Calendario ebraico
Il calendario ebraico è un calendario calcolato su base sia solare che lunare. L'anno è composto di 12 (o 13) mesi di 29 (o 30) giorni ciascuno.
Le festività ebraiche sono definite in relazione al calendario ebraico, poiché alcune di queste legate strettamente alla stagione, esse devono cadere nella stagione giusta.
Secondo le conoscenze astronomiche di quando il calendario venne codificato (nel 358 da Hillel II°) la durata del mese coincide con un ciclo lunare completo che dura grossomodo 29 giorni, 12 ore e 44 secondi. L'anno solare, però, dura circa 365 giorni, 5 ore e 55 secondi. Da questo deriva che nell'arco di un'anno il calendario lunare di 12 mesi resta indietro di circa 10 giorni e 21 ore rispetto a quello solare.

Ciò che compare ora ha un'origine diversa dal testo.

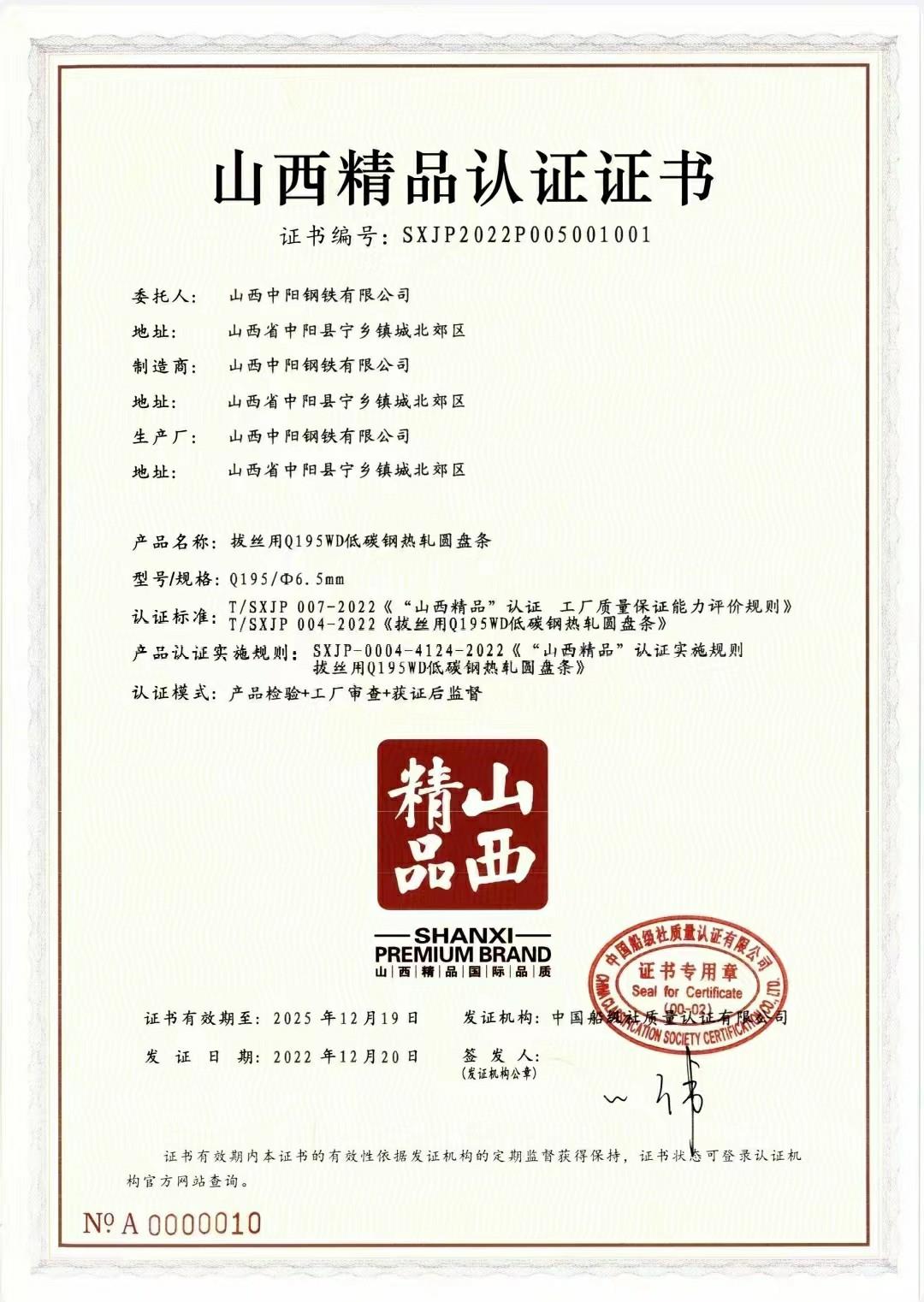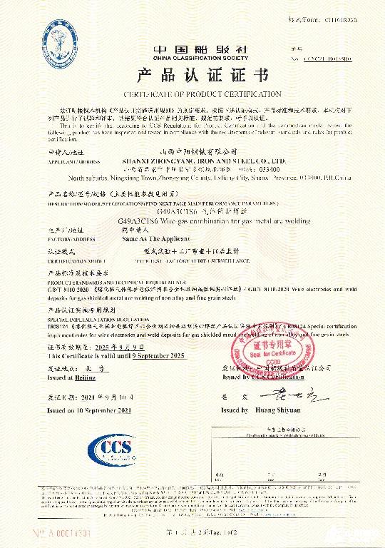 焊絲認(rèn)證證書
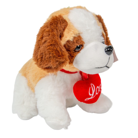 Plüss kutya piros szívvel 21 cm
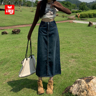 黑灰色鱼尾裙女秋冬百搭慵懒松弛a字包臀裙显瘦针织半身裙长款 裙
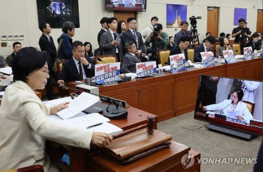 이날 국민의힘 의원들은 과방위 국감 개의와 동시에 최민희 위원장에 의사진행 발언을 요구했다. 위원장은 불허했다. 국민의힘 의원들은 자신의 자리에 '딸 결혼식 거짓 해명', '언론보도 직접 개입', '행정실 직원 갑질' 등의 내용과 상임위원장 사퇴를 요구하는 문구가 담긴 팻말을 붙였다.
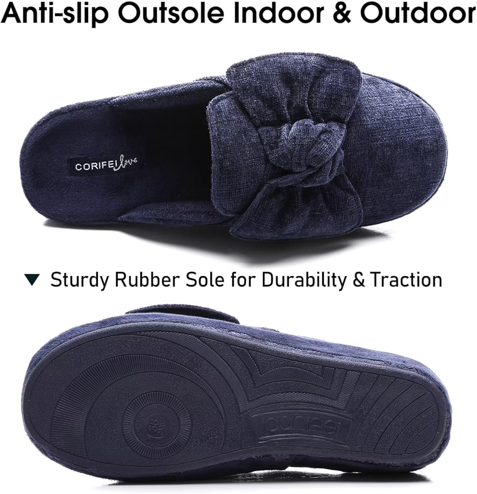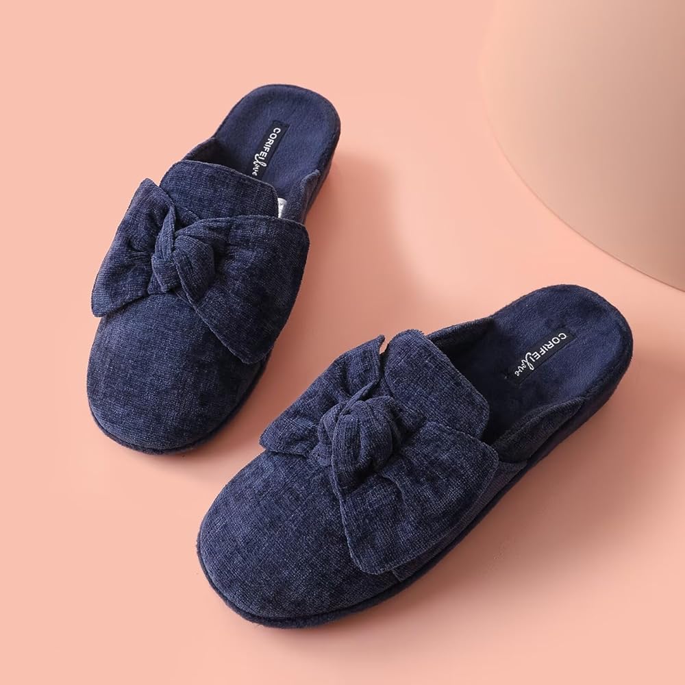 أحذية منزل أنيقة: تصميم القوس لطيف ، نعال بغل جميلة مع كعب سميك. اللون الصلب يظهر الثقة والرفاهية. مثالي للعمل من المنزل ، حفلة للسيدات ، المشي غير الرسمي ، البقاء مع الحيوانات الأليفة.

Ogni 19 anni, il ritardo del calendario esclusivamente lunare, viene ad annullarsi. Per questo motivo in alcuni anni viene aggiunto un tredicesimo mese (Adar Sheni) per compensare il ritardo prodotto dai diversi periodi di Sole e Luna.
Le rilevazioni più precise possibili al giorno d'oggi introducono una piccola variazione di circa 7 minuti per il periodo solare e di qualche decimo di secondo per quello lunare introducendo un ulteriore errore di circa 2 giorni ogni 1000 anni. Inoltre si sà che la velocità della Luna è in continuo, anche se infinitesimale, aumento con una conseguente riduzione del periodo lunare.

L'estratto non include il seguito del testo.